Заснула. То ли спала, то ли нет. Программа новогодними голосами что-то вещала, пела, шутила, но сон своё брал. То благополучно затягивал в своё сюрреалистическое болото, то чуть отпускал, и тогда она снова слышала бравурно-однообразную, и уже до чёртиков надоевшую новогодне-музыкальную какофонию, которая ещё сильнее расплавляла и без того разжиженные мозги и вновь погружала вглубь тяжёлого недоброго сна.
А там она по новой готовила, как будто Новый Год не прошёл, а только начинается. И там, вокруг, непонятно из какого времени взятого, грубо сколоченного дощатого стола, хаотически двигались не только родственники, а ещё и множество разных людей, в том числе и из её банка и даже, парочка из её отдела по работе с физ. лицами.
Стол был огромный, длиною в жизнь. Почему-то она была в фуфайке, как… бабушка, из рассказов её матери. Сама-то она, да и мать, фуфаек уже не носили, бог миловал. Да и сейчас, во сне, точно знала, что, как наготовит, переоденется, поэтому не расстраивалась. Тем более, что пока не наготовила и не переоделась, её никто не видит.
Это было какое-то странное условие сна: вот она ходит между всеми, наставляет тарелки, носит блюда на стол, а её никто не замечает, потому что стол ещё не готов, и она сама не переоделась.
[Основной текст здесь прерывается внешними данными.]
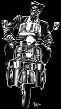R.S. Sauer & I decided to shoot a bunch of ruder than you type stuff out to Moon Records president & lead singer of The Toasters, Rob "Bucket" Hingley, since two tone is the color of our souls, & Buck chose this piece to be printed as the new Moon Records logo shirt, with this rudy on the front, & their logo on the back, & looks damned smart on an ash ringer with black sleeves & collar... I envisioned it on black, like I envision everything on black, but I digress! I wanted to do a lot more for them & all the collected bands, but I spilled my bike all over Greenwich Street coming out of the Fourth of July Scofflaws show @ the Wetlands, & took my right arm out of commission for two full months!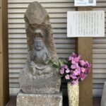 JR佐賀駅を出て、佐賀県立図書館に向かって歩いていた時、歩道脇に石像が設置されているのに気づきました。道路側ではなく、建物側の壁面に置かれていたのです。花が添えられ、水の入ったコップが二個、置かれています。一瞬、お地蔵さんかと思ってしまったのですが、傍らに「忍者恵比須」と書かれた板が掲げられています。その上にはQRコードまで表示されていました。読み取って開いてみると、日本語、中国語、英語、韓国語で音声ガイドが用意されていました。「恵比須DEまちづくりネットワーク」がガイドしてくれるようです。

Её это абсолютно устраивало.
Да, еще, она не должна опоздать к столу, после того, как он будет готов. Кто ей это сказал, про опоздание? Да никто, она сама как-то понимала, что опаздывать не должна, иначе к столу её не пустят. Кто объявит о готовности, а потом пустит или не пустит, тоже вопрос.
Она крутилась всю ночь. Как будто ей делать нечего во сне, как только снова готовить. Во сне она усталости не чувствовала, а только желание постараться и всё успеть, успеть, обязательно успеть. И она старалась, как всегда, как везде, как во всём, как… всю жизнь!
Глава вторая
Её жизнь делилась на три части. Детство, которое она вспоминала без особых претензий к нему, хотя было оно бедненькое, босоногое, пригородное. Отрочество, беззаботное, безоглядное и бестолковое, из которого, однако, она помнила многое.
Например, как очень-очень хотела к морю, непременно Чёрному. Потому что там была сказка, причём Пушкинская: И дядька Черномор с богатырями, и Лукоморье с зелёным дубом, златой цепью и котом учёным… Она и тогда была уверена, да и сейчас почти не сомневается, что Лукоморье может быть только у Чёрного моря, ну а где ещё?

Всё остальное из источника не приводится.